Work request:
Repeat the lines of the data exactly and exclude any picture among them.

Data shown:
%%

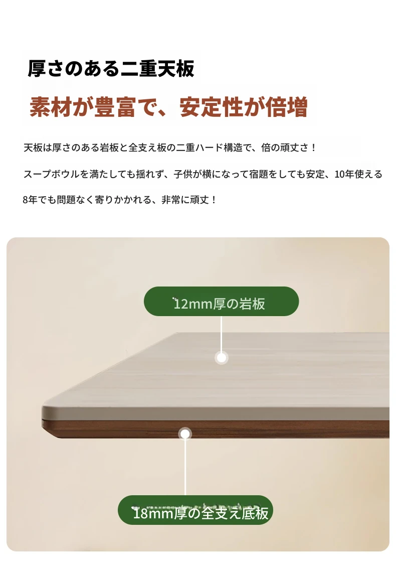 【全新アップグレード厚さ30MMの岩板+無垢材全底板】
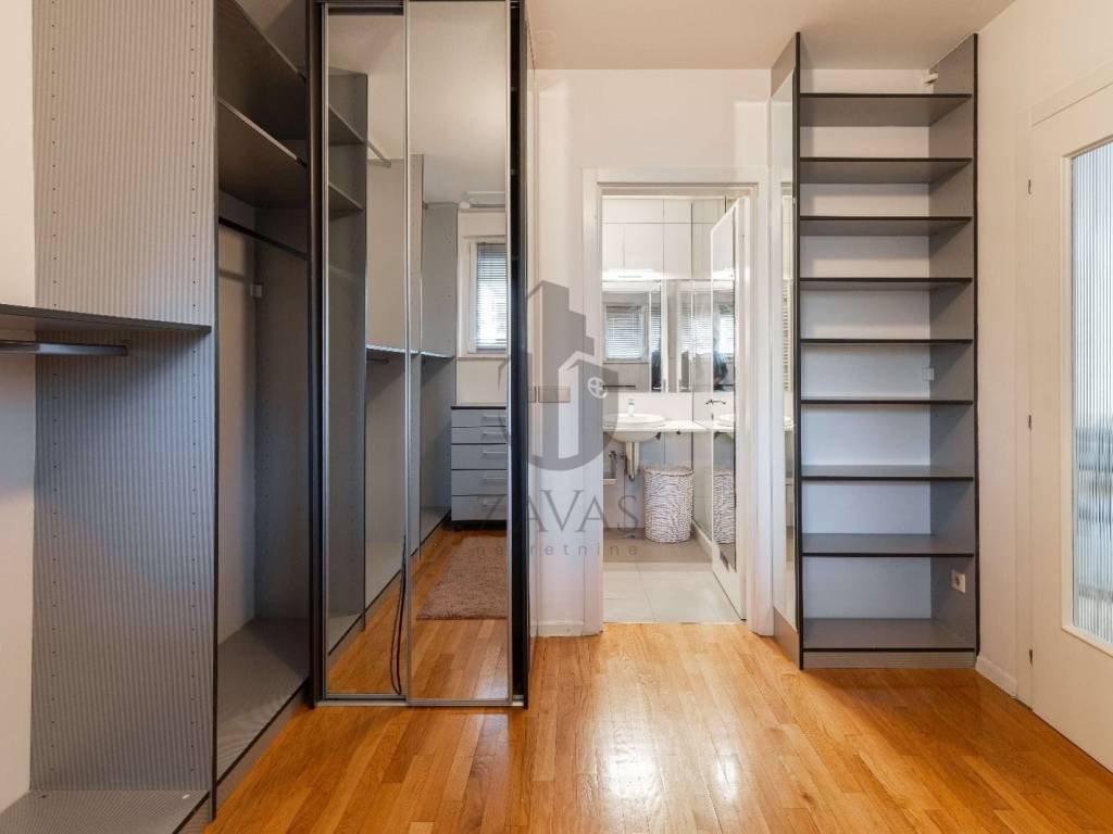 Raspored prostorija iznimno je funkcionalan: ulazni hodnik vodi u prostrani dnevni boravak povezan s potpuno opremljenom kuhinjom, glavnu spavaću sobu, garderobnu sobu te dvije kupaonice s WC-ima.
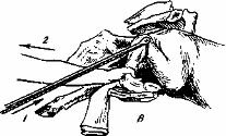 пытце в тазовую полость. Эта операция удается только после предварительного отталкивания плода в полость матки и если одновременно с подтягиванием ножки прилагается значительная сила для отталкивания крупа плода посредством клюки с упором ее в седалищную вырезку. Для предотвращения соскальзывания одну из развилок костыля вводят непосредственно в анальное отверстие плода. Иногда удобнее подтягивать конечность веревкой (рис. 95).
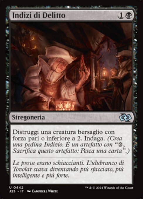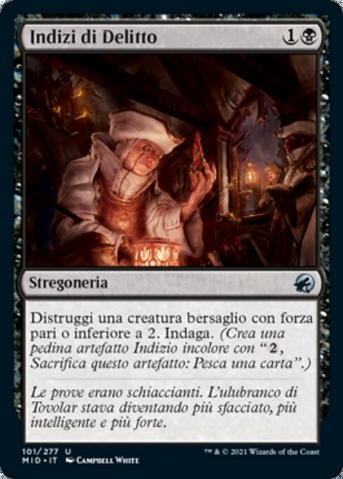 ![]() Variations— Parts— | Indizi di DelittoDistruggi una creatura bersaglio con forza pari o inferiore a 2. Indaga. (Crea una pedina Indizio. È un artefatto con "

%%

Result of this task:
 【全新アップグレード厚さ30MMの岩板+無垢材全底板】
 Raspored prostorija iznimno je funkcionalan: ulazni hodnik vodi u prostrani dnevni boravak povezan s potpuno opremljenom kuhinjom, glavnu spavaću sobu, garderobnu sobu te dvije kupaonice s WC-ima.
 пытце в тазовую полость. Эта операция удается только после предварительного отталкивания плода в полость матки и если одновременно с подтягиванием ножки прилагается значительная сила для отталкивания крупа плода посредством клюки с упором ее в седалищную вырезку. Для предотвращения соскальзывания одну из развилок костыля вводят непосредственно в анальное отверстие плода. Иногда удобнее подтягивать конечность веревкой (рис. 95).
 ![]() Variations— Parts— | Indizi di DelittoDistruggi una creatura bersaglio con forza pari o inferiore a 2. Indaga. (Crea una pedina Indizio. È un artefatto con "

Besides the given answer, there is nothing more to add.